Seems to me o3 prices would be what the consumer pays, not what OpenAI pays. That would mean o3 could be more efficient in-house than paying subject-matter experts.

mrbungie · on Dec 22, 2024

For every consumer there will be a period where they need both the SME and the o3 model for initial calibration and eventual handoff for actually getting those efficiencies in whichever processes they want to automate.

In other words if you are diligent enough, you should at least validate your o3 solution with an actual expert for some time. You wouldn't just blindly trust OpenAI your business critical processes, would you? I would expect at least 3 month - 6 months for large corps and even more considering change management, re-upskilling, etc.

With all those considerations I really don't see the value prop at those prices and in those situations right now. Maybe if costs decrease ~1-3 orders of magnitude more for o3-low, depending on the the processes being automated.

lalalali · on Dec 22, 2024

What is open ai margin on that product?

tshadley · on Dec 21, 2024

I always get the feeling he's subconsciously inserting a "magical" step here with reference to "synthesis"-- invoking a kind of subtle dualism where human intelligence is just different and mysteriously better than hardware intelligence.

Combining programs should be straightforward for DNNs, ordering, mixing, matching concepts by coordinates and arithmetic in learned high-dimensional embedded-space.

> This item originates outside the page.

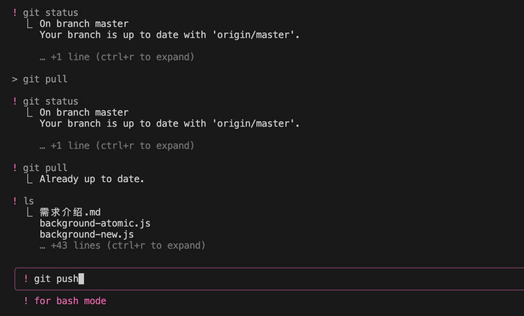 之前的分享介绍了如何使用 Claude Code 和 Git / Linux 进行交互,但是它是会消耗你的 Token 的,如果是一些简单的命令,可以直接进入 Bash 模式。

Inference-time combination is harder since the model is working with tokens and has to keep coherence over a growing CoT with many twists, turns and dead-ends, but with enough passes can still do well.

The logical next step to improvement is test-time training on the growing CoT, using reinforcement-fine-tuning to compress and organize the chain-of-thought into parameter-space--if we can come up with loss functions for "little progress, a lot of progress, no progress". Then more inference-time with a better understanding of the problem, rinse and repeat.